What the task requires:
Emit an exact copy of the lines running from the start of the records to the line containing "در هر معماری", both included.

Data for this task:
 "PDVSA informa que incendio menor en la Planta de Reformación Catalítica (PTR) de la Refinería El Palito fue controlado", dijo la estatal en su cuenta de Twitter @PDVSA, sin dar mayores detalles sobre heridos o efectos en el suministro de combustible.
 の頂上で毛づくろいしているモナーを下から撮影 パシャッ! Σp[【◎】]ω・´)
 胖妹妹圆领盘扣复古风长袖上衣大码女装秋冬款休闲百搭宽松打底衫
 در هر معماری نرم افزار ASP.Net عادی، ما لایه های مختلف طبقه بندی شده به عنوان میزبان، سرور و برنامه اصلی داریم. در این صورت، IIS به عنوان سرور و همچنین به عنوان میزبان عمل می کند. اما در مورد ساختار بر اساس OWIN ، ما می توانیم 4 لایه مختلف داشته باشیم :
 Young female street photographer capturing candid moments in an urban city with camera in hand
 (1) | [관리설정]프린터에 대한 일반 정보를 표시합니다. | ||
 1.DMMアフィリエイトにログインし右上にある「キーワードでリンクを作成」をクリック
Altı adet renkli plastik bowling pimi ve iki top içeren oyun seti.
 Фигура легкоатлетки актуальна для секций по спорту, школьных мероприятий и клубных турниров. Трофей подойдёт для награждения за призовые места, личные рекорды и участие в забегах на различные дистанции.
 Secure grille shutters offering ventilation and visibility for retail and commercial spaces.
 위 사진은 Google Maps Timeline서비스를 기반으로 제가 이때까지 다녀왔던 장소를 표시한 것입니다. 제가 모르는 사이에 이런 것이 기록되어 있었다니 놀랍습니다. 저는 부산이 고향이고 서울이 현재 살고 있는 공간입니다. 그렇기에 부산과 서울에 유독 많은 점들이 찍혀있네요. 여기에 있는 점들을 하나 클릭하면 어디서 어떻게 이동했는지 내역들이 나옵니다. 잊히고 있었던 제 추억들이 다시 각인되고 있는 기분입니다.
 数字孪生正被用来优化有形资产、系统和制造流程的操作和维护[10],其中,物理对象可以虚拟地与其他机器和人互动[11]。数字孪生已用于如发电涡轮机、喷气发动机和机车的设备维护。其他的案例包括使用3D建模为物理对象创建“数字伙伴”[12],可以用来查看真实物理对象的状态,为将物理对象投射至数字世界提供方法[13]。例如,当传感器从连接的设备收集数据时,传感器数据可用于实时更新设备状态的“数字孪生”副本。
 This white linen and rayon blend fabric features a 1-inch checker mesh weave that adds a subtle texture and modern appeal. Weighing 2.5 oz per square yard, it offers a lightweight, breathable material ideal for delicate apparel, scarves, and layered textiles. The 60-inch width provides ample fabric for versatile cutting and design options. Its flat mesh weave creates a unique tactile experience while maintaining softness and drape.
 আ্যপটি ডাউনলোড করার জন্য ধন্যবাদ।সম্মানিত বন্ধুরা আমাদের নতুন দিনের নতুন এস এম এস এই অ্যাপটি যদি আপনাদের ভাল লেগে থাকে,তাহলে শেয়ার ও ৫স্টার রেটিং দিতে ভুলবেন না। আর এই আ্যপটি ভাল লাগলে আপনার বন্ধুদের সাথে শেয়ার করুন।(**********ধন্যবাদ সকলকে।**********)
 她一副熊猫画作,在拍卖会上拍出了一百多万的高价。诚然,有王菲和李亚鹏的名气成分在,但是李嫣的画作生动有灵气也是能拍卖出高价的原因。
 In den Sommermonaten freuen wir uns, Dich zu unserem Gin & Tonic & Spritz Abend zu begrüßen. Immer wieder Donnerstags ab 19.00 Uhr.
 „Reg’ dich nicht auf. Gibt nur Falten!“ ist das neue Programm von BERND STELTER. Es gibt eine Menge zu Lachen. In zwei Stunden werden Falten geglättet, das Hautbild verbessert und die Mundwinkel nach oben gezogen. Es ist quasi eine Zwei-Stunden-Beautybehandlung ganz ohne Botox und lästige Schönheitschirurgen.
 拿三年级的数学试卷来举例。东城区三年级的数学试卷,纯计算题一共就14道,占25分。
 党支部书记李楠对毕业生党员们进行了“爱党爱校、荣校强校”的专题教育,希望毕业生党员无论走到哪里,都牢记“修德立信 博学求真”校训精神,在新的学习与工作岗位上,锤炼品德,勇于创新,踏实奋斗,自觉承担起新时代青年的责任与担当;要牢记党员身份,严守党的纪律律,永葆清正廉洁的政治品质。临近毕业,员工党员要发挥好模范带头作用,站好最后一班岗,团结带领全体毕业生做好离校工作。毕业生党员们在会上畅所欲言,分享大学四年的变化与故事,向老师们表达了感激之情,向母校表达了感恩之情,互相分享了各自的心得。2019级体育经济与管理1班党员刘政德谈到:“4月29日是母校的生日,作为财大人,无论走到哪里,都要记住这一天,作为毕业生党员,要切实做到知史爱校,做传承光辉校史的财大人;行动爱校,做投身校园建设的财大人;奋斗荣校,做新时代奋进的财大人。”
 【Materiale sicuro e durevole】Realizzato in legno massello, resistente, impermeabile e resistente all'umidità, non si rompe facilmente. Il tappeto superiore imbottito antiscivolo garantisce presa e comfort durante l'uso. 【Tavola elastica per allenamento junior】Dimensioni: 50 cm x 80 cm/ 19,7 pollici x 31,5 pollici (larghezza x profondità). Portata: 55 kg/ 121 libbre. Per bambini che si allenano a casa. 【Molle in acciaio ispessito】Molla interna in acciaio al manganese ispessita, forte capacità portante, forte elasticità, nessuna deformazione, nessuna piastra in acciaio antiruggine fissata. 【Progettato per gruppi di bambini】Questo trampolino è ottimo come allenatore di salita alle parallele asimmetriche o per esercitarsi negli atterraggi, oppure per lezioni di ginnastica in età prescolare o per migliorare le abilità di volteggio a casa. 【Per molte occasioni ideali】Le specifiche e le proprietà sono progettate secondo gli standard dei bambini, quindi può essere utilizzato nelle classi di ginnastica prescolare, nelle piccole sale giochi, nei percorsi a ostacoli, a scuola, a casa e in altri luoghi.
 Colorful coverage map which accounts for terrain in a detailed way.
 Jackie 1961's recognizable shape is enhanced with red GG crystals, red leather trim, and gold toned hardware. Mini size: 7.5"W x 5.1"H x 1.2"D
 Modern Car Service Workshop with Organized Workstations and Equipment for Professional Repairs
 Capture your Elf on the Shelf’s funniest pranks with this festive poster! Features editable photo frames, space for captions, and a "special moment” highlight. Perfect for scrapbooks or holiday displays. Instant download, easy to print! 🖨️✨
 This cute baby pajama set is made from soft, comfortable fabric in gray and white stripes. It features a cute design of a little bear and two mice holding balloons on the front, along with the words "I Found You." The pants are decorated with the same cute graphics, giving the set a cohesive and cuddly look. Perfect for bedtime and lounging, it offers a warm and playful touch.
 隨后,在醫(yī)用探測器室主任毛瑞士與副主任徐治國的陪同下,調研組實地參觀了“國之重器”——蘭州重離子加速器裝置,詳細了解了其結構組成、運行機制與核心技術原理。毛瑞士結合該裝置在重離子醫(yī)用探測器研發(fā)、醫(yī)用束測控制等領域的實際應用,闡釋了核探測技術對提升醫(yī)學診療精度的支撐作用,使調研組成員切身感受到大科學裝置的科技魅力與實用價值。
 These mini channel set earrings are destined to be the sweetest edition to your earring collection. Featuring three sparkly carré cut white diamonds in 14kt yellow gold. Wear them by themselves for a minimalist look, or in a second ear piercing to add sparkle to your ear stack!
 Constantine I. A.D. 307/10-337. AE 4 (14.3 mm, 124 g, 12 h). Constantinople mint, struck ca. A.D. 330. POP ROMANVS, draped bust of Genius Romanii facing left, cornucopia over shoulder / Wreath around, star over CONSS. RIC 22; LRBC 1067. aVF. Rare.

Answer to the problem:
 "PDVSA informa que incendio menor en la Planta de Reformación Catalítica (PTR) de la Refinería El Palito fue controlado", dijo la estatal en su cuenta de Twitter @PDVSA, sin dar mayores detalles sobre heridos o efectos en el suministro de combustible.
 の頂上で毛づくろいしているモナーを下から撮影 パシャッ! Σp[【◎】]ω・´)
 胖妹妹圆领盘扣复古风长袖上衣大码女装秋冬款休闲百搭宽松打底衫
 در هر معماری نرم افزار ASP.Net عادی، ما لایه های مختلف طبقه بندی شده به عنوان میزبان، سرور و برنامه اصلی داریم. در این صورت، IIS به عنوان سرور و همچنین به عنوان میزبان عمل می کند. اما در مورد ساختار بر اساس OWIN ، ما می توانیم 4 لایه مختلف داشته باشیم :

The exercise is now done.